Finding Freedom through Friendship has a friend and fellow humanitarian who resides in remote Huehuetenango, Guatemala. LynnAnn is doing work that few are strong enough, in spirit or body, to do. She, her daughter as well as her co-worker have lived in Guatemala for years, working among the people they are trying to assist. For the last year, FFF and LynnAnn have networked together to resolve the acute humanitarian needs of two abandoned women in the mountains.
 We refurbished an adobe house for a bedridden mother named Rosa; adding a kitchen, porch, new ceiling and purchasing furniture. Finding Freedom raised the funds and LynnAnn did the work of delivering the food, medicine and overseeing construction. In exchange for our donations, Rosa (name changed to protect her privacy) agreed to the Finding Freedom stipulation that her children, at our expense, must be in school. Education is the only tool we have to stop the cycle of illiteracy that keeps the indigenous population in a cycle of poverty.
In the last few weeks it became apparent that Rosa's children were not in school, and that one of them had in fact been conscripted to the coffee plantations far from home. He is eleven years old. 
Let me repeat that. 
He is eleven.
Here is LynnAnn's Facebook post about the conditions on many of the coffee plantations in the mountains of Guatemala:

(Photo credit: Pense Libre Newspaper, Guatemala)
(Article not published, since it is in Spanish):

"This makes me so, so angry and so sad all at the same time. This article is about one particular family whose three young children are receiving help at a special center for the severely malnourished. This family lives on a large coffee plantation in a shack they made out of plastic and sticks. The article says that both the father and the mother together earn about $26 for two week's work harvesting coffee...that's about a dollar a day. Sickening. One of their babies, a 3 year old little girl, had fallen into their cooking fire and had third degree burns on her foot; her parents didn't even have the money to get her to the free hospital. The government would like to do more to ensure that the folks who work in the coffee fincas are treated fairly by the owners, but that's a very difficult job. It's hard to know where to even find the families as they are allowed to squat on the land and there are no maps. How can these rich coffee plantation owners exploit people so shamelessly? It breaks my heart to think of all the people I know personally who are off harvesting coffee right now....Isaias, Claudia, Francisco, Erminia...and so, so many others." LynnAnn

LynnAnn and FFF could take up multiple blog and Facebook posts educating our donors about why a child should not be used as forced labor on a Guatemalan coffee plantation. Google the topic, and you will understand. Or do what LynnAnn had to do; stand in front of his mother and ask her where her son is. The answer was different every week, until the obvious could no longer be ignored, and Rosa told the truth. 
Is this fair for Isaias? 
Do we wish a different life for him...a life of soccer and school and free from harvesting 100 lbs of coffee beans for a few dollars a day? 
But all of the humanitarian assistance and all of the wishing doesn't change the fact that food for a family of three in Guatemala costs almost double what we as an organization can afford to donate, and that Rosa is chronically ill with no other male in the household to help bring in an income. Poverty is a much harsher boss than a coffee plantation owner.
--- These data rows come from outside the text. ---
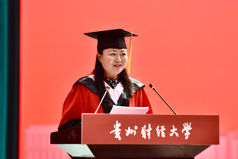 典礼仪式上,省纪委监委派驻贵州财经大学纪检监察组组长龙化宣读毕业生毕业文件。副校长徐大佑宣读校友联络大使聘任文件、宣读硕士和博士学位授予文件。校党委副书记彭洁宣读学士和留学生学位授予文件。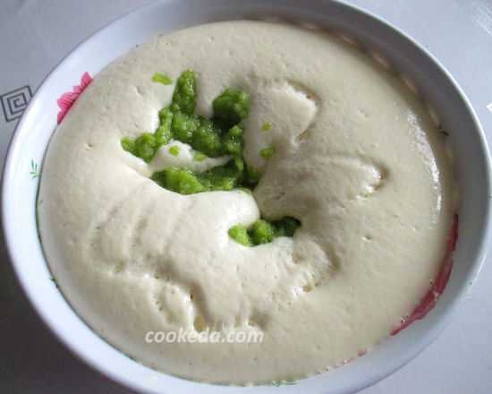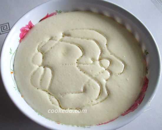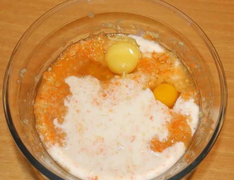 - Смешать эту массу с остальными ингредиентами – яйцами, мукой и т.д., как в базовом рецепте.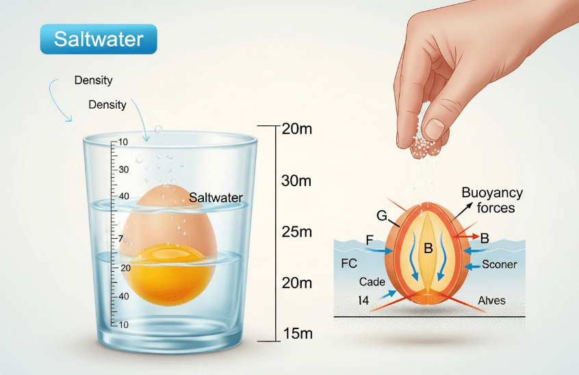 Ketika air menjadi lebih padat karena larutan garam, lebih banyak fluida yang dipindahkan oleh volume benda, sehingga gaya apung meningkat. Ketika gaya apung > gaya gravitasi yang menarik telur ke bawah, telur akan naik ke permukaan dan mengapung.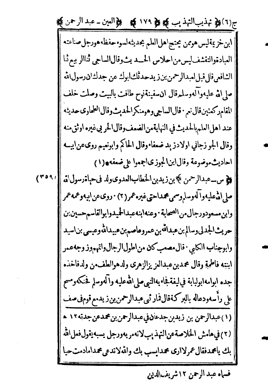 362 - "س عبد الرحمن" بن زيد بن الخطاب العدوي ولد في حياة رسول الله صلى الله عليه وآله وسلم وسمي محمدا حتى غيره عمر2 روى عن أبيه وعمه عمر وابن مسعود ورجال من الصحابة وعنه ابنه عبد الحميد وأبو القاسم حسين بن حريث الجدلي وسالم بن عبد الله بن عمر وعاصم بن عبد الله وعيسى بن أسيد وأبو جناب الكلبي قال مصعب كان من أطول الرجال وأتمهم وزوجة عمر ابنته فاطمة وقال محمد بن عبد العزيز الزهري ولد هو ألطف من ولد فأخذه جده أبو أمه أبو لبابة في ليفة فجاء به النبي صلى الله عليه وآله وسلم فحنكه ومسح على رأسه ودعا له بالبركة قال فما رئي عبد الرحمن بن زيد مع قوم في صف
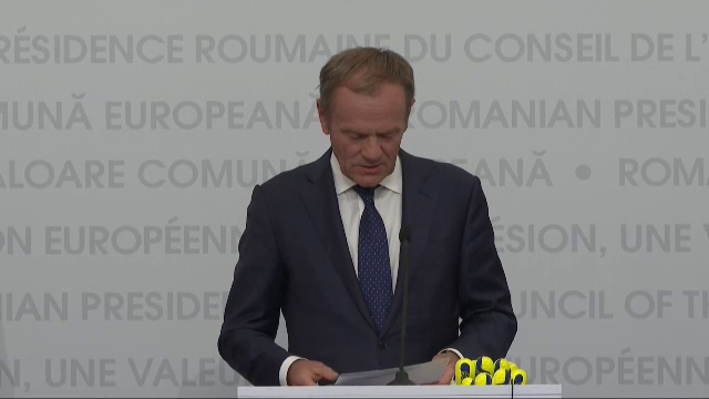 Președintele Consiliului European, Donald Tusk, a susținut câteva declarații în limba română, joi, la finalul Summitului de la Sibiu. Acesta a afirmat că „pur și simplu s-a îndrăgostit de Sibiu”.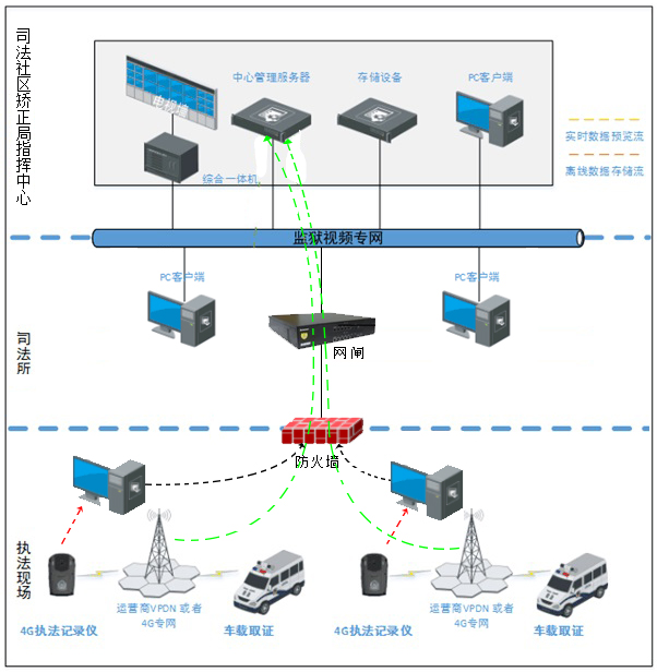 1、建设全市统一的司法移动执法指挥调度系统,包括前端司法所移动执法终端、数据管理中心、存储、车载取证系统。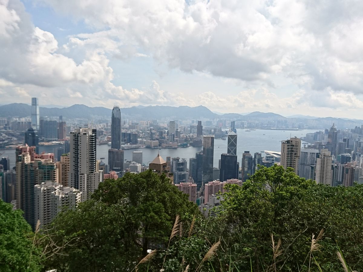 台風の影響で朝から雨が降っていましたが、ビクトリアピークの山頂に上った瞬間、雨が上がって素晴らしい景色を見ることができました。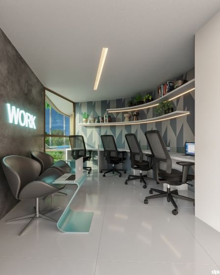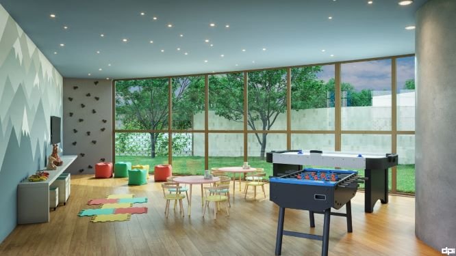 O condomínio é completo, pensado para toda a família. Entre os itens de lazer, você encontra piscina adulto e infantil, terraço gourmet, brinquedoteca, coworking. Lounge, deck, campinho, playground, pet place, salão gourmet e academia equipada. Para sua segurança e comodidade, o edifício dispõe de portaria 24h, gerador, central de gás, antena coletiva e 2 elevadores para apenas 3 apartamentos por andar.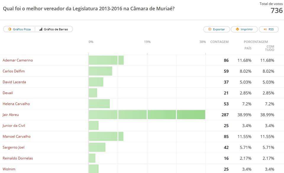 Foram contabilizados um total de 736 votos na enquete e Jair Abreu obteve 287 votos (38,99%). Em seguida apareceram os vereadores Ademar Camerino com 86 votos (11,68%) e Manoel Carvalho com 85 votos (11,55%). O menos votado foi Reinaldo Dornelas com 16 votos (2,17%).
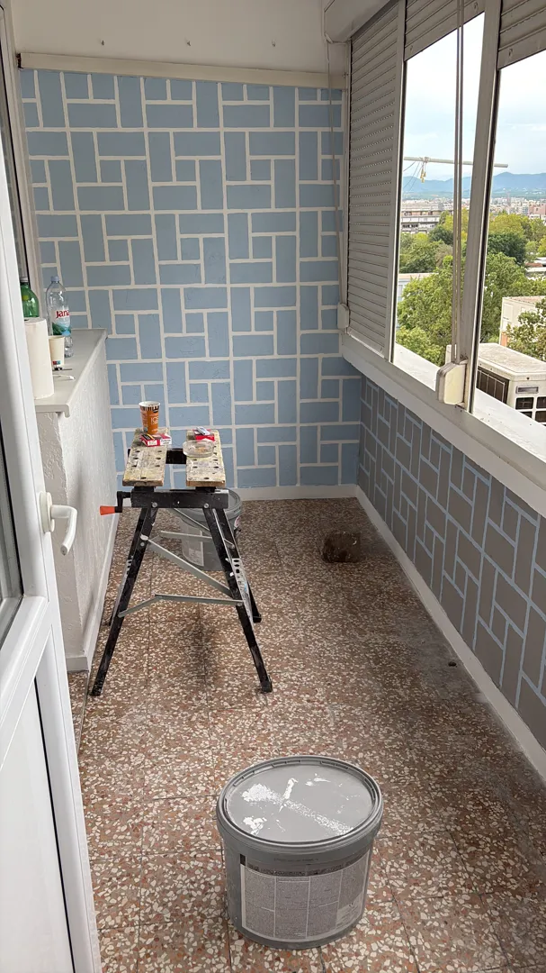 Potrebno je gletanje i bojanje zidova u sobi površine 14 m², visine 2,75 m. Ukupna površina za obradu iznosi otprilike 40 m² (zidovi i strop, uz uračunate otvore poput prozora i balkonskih vrata). Zidovi su očišćeni od tapeta i boje, a podloge su u kombinaciji zidanih i betonskih dijelova – uz tragove stare glet mase, žbuke, uljane boje i ljepila (vidljivo na fotografijama). Strop nije potrebno gletati, samo obojiti. Boju donosim ja – sve ostalo (impregnacija, glet masa i slično) treba biti uključeno u ponudu za rad.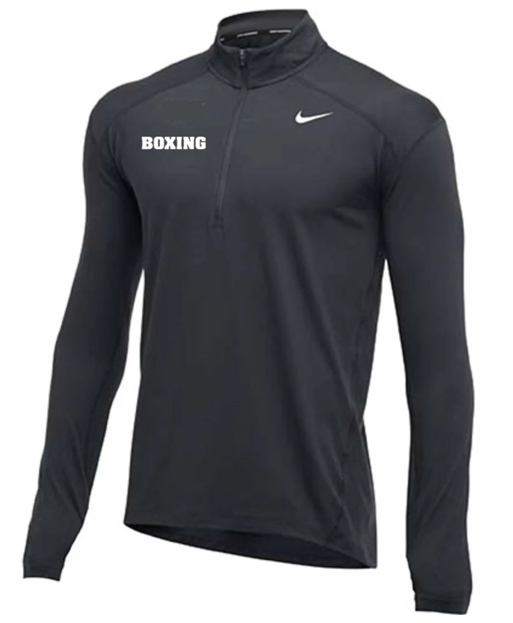 Nike Men’s Boxing 1/2 Zip Top – Charcoal – Nike Dri-FIT technology helps you stay dry and comfortable. 1/2-zip design with a mock neck provides versatile coverage. Interior tape moves smoothly against your skin. Swoosh design trademark is printed on the right chest. 100% POLYESTER.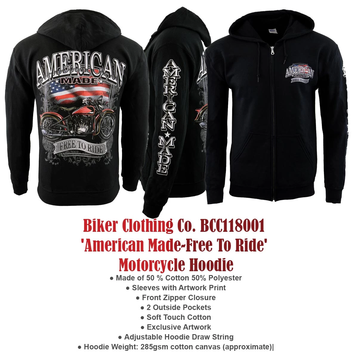 Biker Clothing Co. BCC118001 ‘American Made-Free to Ride’ Motorcycle Hoodie

Saturday, February 7, 2015

Her Day is No Different from Yours

For many women in the United States, Guatemala can feel like a mysterious and complex country. It is admittedly difficult to find the similarities between the concerns and responsibilities of Guatemalan mothers as compared to those of mothers in the United States.
  But as with most people worldwide, there are more similarities than there are differences among women, and specifically mothers. The human experience is a common experience: it just looks different according to our individual perspectives. 
Although she lives in poverty, in a tiny country called Guatemala, her day is really no different from ours. 
Take a peek into a day in the life of Sylvia, mother to seven children. 
She is concerned about what goes on in her neighborhood
She cares for her children.
She starts her oven;
To cook dinner for her family.

She cleans the house.
She does endless dishes.
The laundry never stops.
She worries about her children's homework.
And Bills.
She struggles to keep her teenagers aligned with family values.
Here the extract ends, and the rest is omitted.